Captain Morgan said:
			
		

> this thread talked me into making roadside chicken yesterday!


Nice to see I'm good for something..


----------



## Bill The Grill Guy (Apr 30, 2007)

Spatchloc the chicken and road side them.  Should make a purty looking RK.


----------



## Rockin Rooster (Apr 30, 2007)

If it were me I would do ribs...the gormet Q food, but that's what I do best.


----------



## SteerCrazy (Apr 30, 2007)

no one told me you were getting a Ranch Kettle  [smilie=puppydogeyes.gif] 

with the size of that thing, I'd do all the above!


----------



## Griff (Apr 30, 2007)

Captain Morgan said:
			
		

> this thread talked me into making roadside chicken yesterday!



Me too.


----------



## wittdog (May 3, 2007)

Well it’s a close race…road side chicken and ribs and nobody caring cuz I don’t’ deserve the RK….Looks like it’s going to be chivetas chicken, smoked corn….and…any suggestions for another grill side? I have the room I want to use it…


----------



## Cliff H. (May 3, 2007)

wittdog said:
			
		

> any suggestions for another grill side?
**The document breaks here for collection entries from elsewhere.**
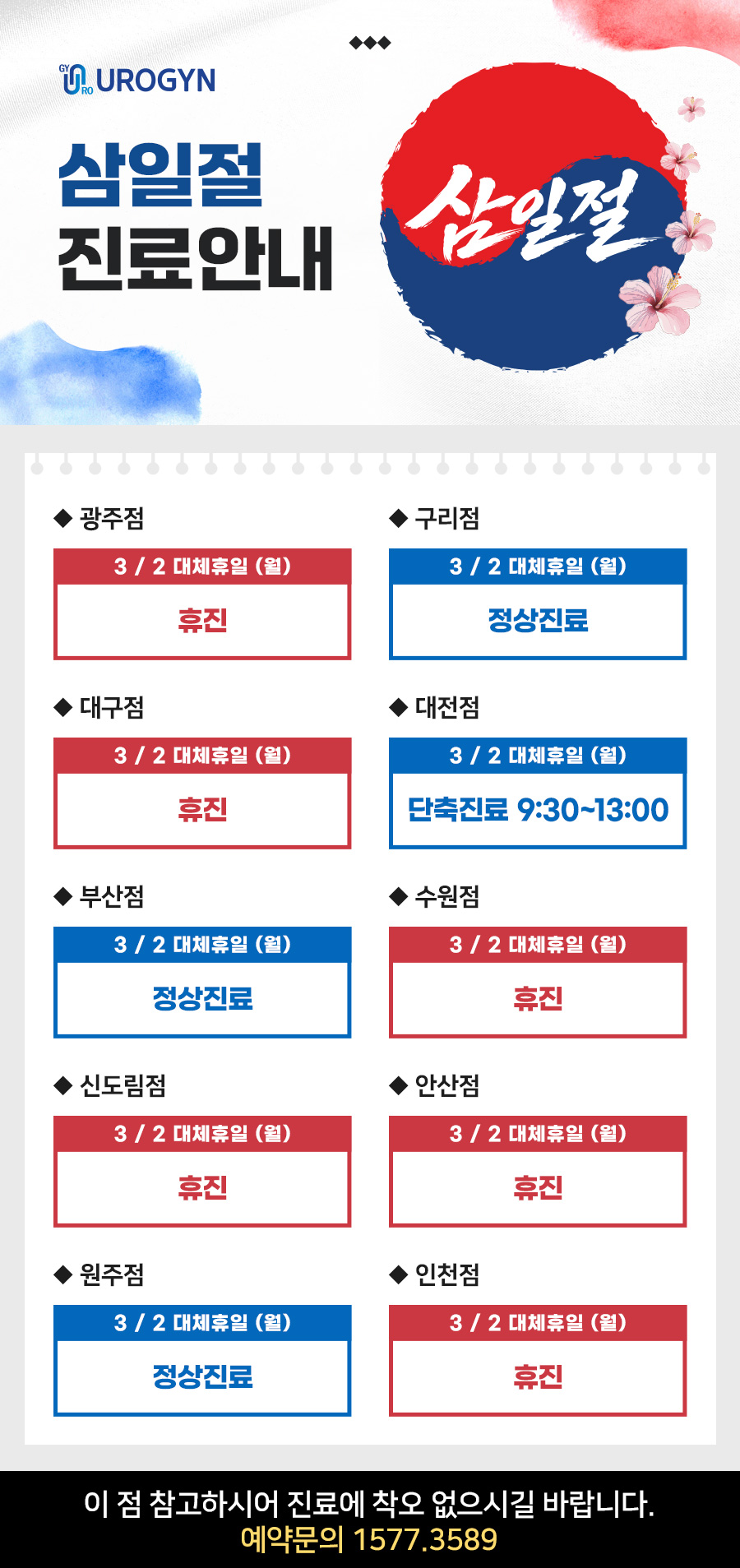 Á¦¸ñ 3¿ù 2ÀÏ »ïÀÏÀý ´ëüÈÞÀÏ Áø·á ¾È³»µå¸³´Ï´Ù.
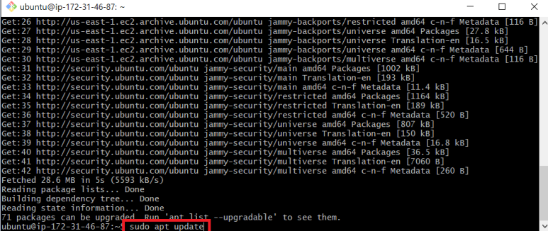 - sudo apt update 명령어를 날려서 패키지 매니저가 관리하는 패키지의 정보를 최신 상태로 업데이트한다.
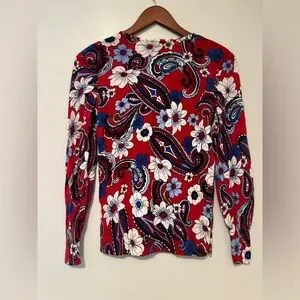 Talbots Merino Wool Puff Sleeve Paisley Bloom Pullover Sweater β Petite
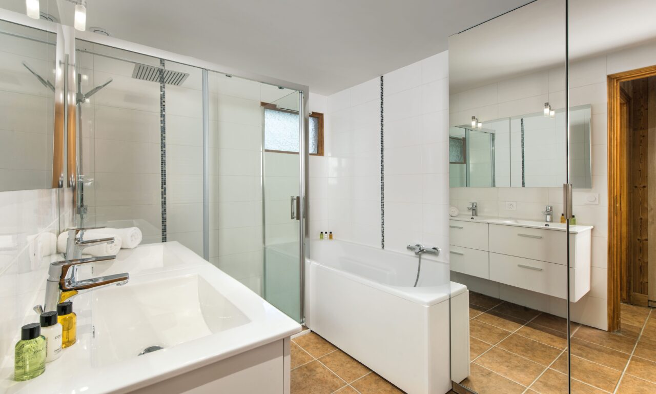 All rooms have en-suite bathrooms and there is a spacious living room and dining room, a playroom with a new comfy TV area for evening use (shared by the two chalets) and an outdoor hot tub.
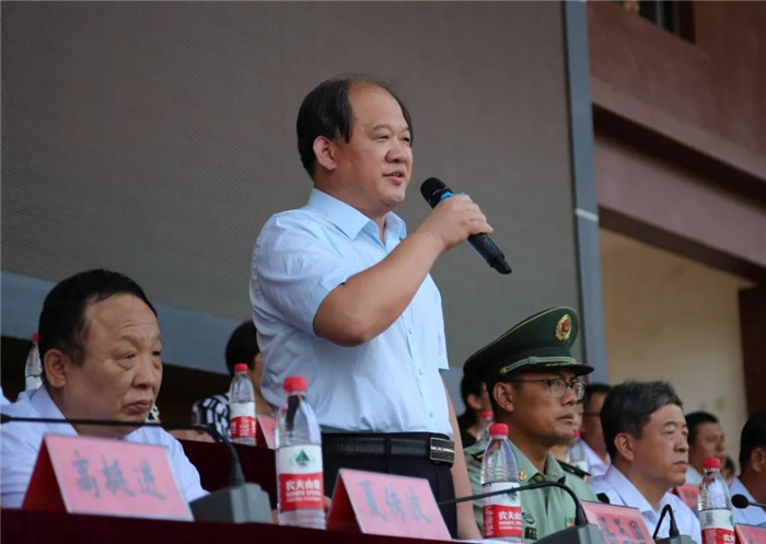 集团执行董事长梁玉国致辞。他首先代表全体师生员工向武警德州支队全体参训教官致以崇高的敬意!对2019级新同学表示最热烈的欢迎!
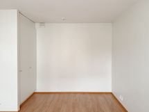 Alkovi tarjoaa luonnollisen paikan sängylle ja siellä on myös kaappitilaa arjen sujuvuutta varten.
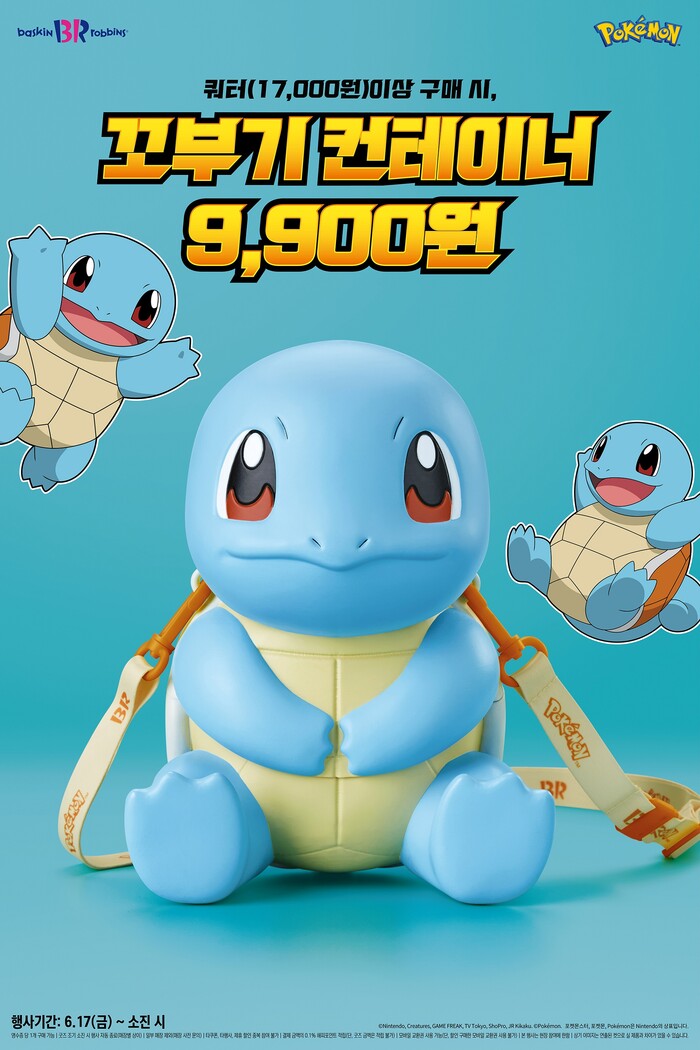 SPC그룹 배스킨라빈스가 포켓몬스터와 협업해 ‘꼬부기 컨테이너’를 출시한다고 10일 밝혔다.
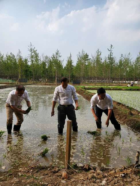 日前,米兰app入口站官网-米兰(中国)董事长梁雨、总裁谢俊率集团高级管理人员来到位于北京西四环外的锦绣大地生态园,在景色迷人的玉泉山山下,同志们挽起裤脚跃进田里,生态园农业技术员一边弓腰示范,一边讲解道“插秧是个技术活,将秧苗窝在虎口处,既要轻又要稳,用巧劲儿将秧苗抛在泥里,不能抛得太深,又要确保植保灌溉时,秧苗不漂浮在水面上。”
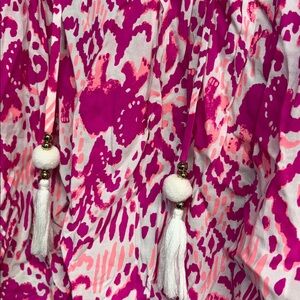 Lilly Pulitzer Alanna lace Tons of fun cold shoulder magenta tassel shirt xs

I have the room I want to use it…



I think you could smoke and grill at the same time.  You may have trouble figuring out which catagory to post pics in.


----------



## wittdog (May 3, 2007)

Cliff H. said:
			
		

> wittdog said:
> 
> 
> 
> ...


Well it did echo when I was talking to it yesterday   Really it did..


----------



## Cliff H. (May 3, 2007)

It will be interesting to see how it holds temps from one side of the canyon to the other.


----------